[DATASET CONTENT]:
┌──
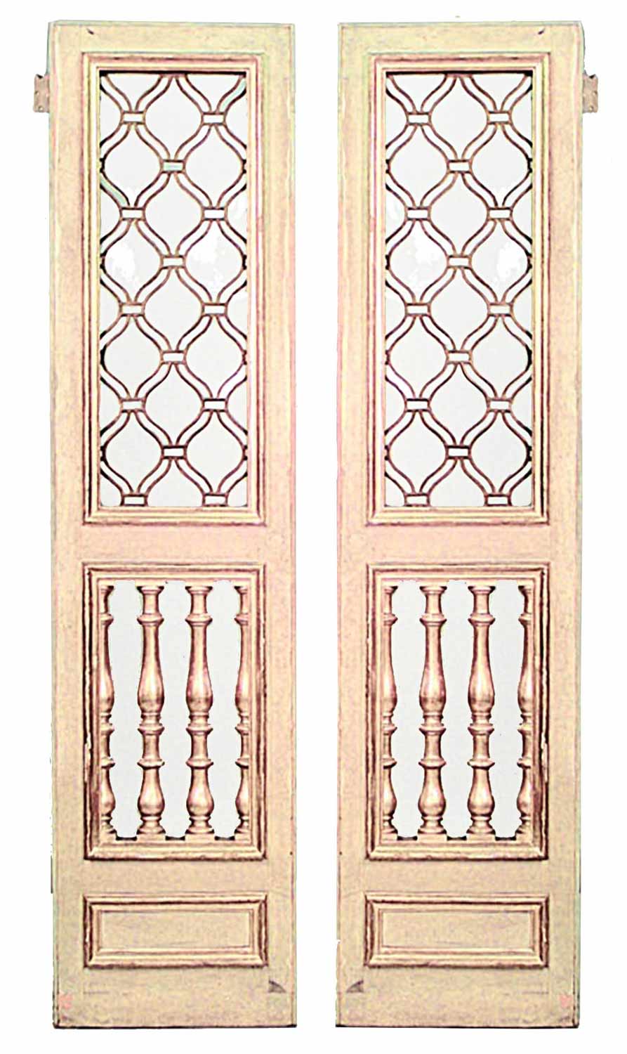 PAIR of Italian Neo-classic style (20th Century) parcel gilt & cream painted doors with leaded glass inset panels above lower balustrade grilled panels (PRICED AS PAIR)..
└──
┌──
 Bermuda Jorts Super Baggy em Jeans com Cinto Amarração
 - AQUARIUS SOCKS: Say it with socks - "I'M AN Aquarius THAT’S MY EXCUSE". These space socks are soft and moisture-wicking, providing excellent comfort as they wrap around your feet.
└──
┌──
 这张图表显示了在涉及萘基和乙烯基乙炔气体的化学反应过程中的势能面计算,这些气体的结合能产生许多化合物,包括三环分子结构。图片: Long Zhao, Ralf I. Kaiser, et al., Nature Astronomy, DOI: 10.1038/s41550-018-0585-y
└──
[WHAT THE EXERCISE ASKS]: Give again, word for word, every line of the listing above from the one with "Bermuda Jorts Super" to the one with "- AQUARIUS SOCKS: Say", both inclusive, and nothing beyond them.

[ANSWER BOX]:
 Bermuda Jorts Super Baggy em Jeans com Cinto Amarração
 - AQUARIUS SOCKS: Say it with socks - "I'M AN Aquarius THAT’S MY EXCUSE". These space socks are soft and moisture-wicking, providing excellent comfort as they wrap around your feet.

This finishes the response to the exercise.